De griffier, De voorzitter,
(J.H. Luggenhorst) (J.P.M. Kooijmans)
Afschriften zijn aangetekend per post verzonden op 15 oktober 2009
Tegen deze uitspraak kunnen beide partijen binnen zes weken na de verzenddatum beroep in cassatie instellen bij
de Hoge Raad der Nederlanden (belastingkamer),
Postbus 20303,
2500 EH Den Haag.
Daarbij moet het volgende in acht worden genomen:
1 - bij het beroepschrift wordt een afschrift van deze uitspraak overgelegd;
2 - het beroepschrift moet ondertekend zijn en ten minste het volgende vermelden:
a. de naam en het adres van de indiener;
b. de dagtekening;
c. een omschrijving van de uitspraak waartegen het beroep in cassatie is gericht;
d. de gronden van het beroep in cassatie.

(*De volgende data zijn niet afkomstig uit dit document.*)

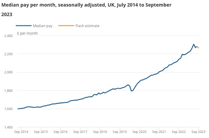 Figure 3: Median pay per month, seasonally adjusted, UK, July 2014 to September 2023

Voor het instellen van beroep in cassatie is griffierecht verschuldigd. Na het instellen van beroep in cassatie ontvangt de indiener een nota griffierecht van de griffier van de Hoge Raad.
In het cassatieberoepschrift kan de Hoge Raad verzocht worden om de wederpartij te veroordelen in de proceskosten.